Behind the launch of the Wealthfront Portfolio Review tool
22 January 2016
William Trout
Free advice is poor bait. Just ask SigFig and FutureAdvisor, who rolled out free portfolio analysis tools as a way to hook what proved to be very elusive fish. Indeed, the high cost of retail customer acquisition convinced these B2C robo advisors to embrace B2B (and BlackRock, in the case of FutureAdvisor). Wealthfront, which remains committed to the B2C model, unveiled its own portfolio analysis tool last week. The objective is to wear the white hat as much as to haul in assets. Spokeswoman Kate Wauck describes the introduction of Portfolio Review as “another milestone in our history of delivering services that actually benefit the investor.” The implication, of course, is that the rest of the industry falls short. According to Wealthfront, 92% of the portfolios it reviewed in setting up its Portfolio Review tool were hamstrung by some combination of high fees, cash drag and insufficient diversification. I decided to put my own personal portfolio of roughly a dozen low cost ETFs to the test. It was easy enough. After selecting my brokerage firm (see image at top of post) and logging on via the Wealthfront portal… I’ll share the results in my next post. In the meantime, a couple observations on strategy:
- Wealthfront, which (unlike FutureAdvisor and other robos using aggregation tools) makes allocation recommendations solely based on assets in house, is pulling off the blinders.
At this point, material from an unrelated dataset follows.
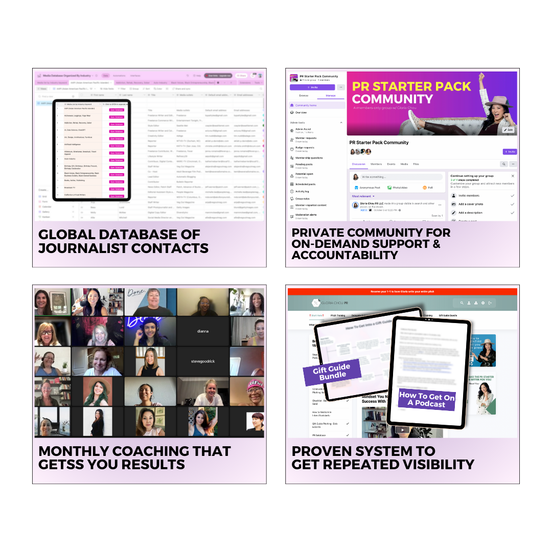 The PR Starter Pack is a one-of-a-kind inclusive community, proven PR system, proprietary journalist database, and high-level coaching for driven small business founders who want to write & share their stories with the world WITHOUT relying on gatekeepers or staying inside a box someone else built.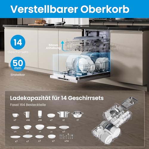 Uno dei primi aspetti che colpiscono della Midea SV 5.14K14C è senza dubbio la sua notevole capienza da 14 coperti. Questo la rende una scelta ideale non solo per le famiglie numerose, ma anche per chi ama organizzare cene con amici e parenti senza doversi preoccupare di lavare montagne di piatti a mano. Le dimensioni standard da 60 cm (A845 x L598 x P600 mm) permettono un'integrazione perfetta nella maggior parte delle cucine componibili. L'interno è progettato per essere estremamente flessibile: il cestello superiore è regolabile in altezza, permettendo di inserire senza problemi anche pentole, padelle e piatti di grandi dimensioni, fino a 30 cm di diametro.

Peering into competitor platforms and showing why they don’t work suggests a shift in thinking and a renewed assertiveness from idol smasher Adam Nash.
- Here we see the power of proprietary data. While clients were comfortably sleeping, Wealthfront algorithms were crunching portfolio performance numbers. Although a touch presumptuous (by opening an account, did I give Wealthfront permission to review my investing history?), Portfolio Review serves as a nice demo of software engineering, as well as a freebie for the investor.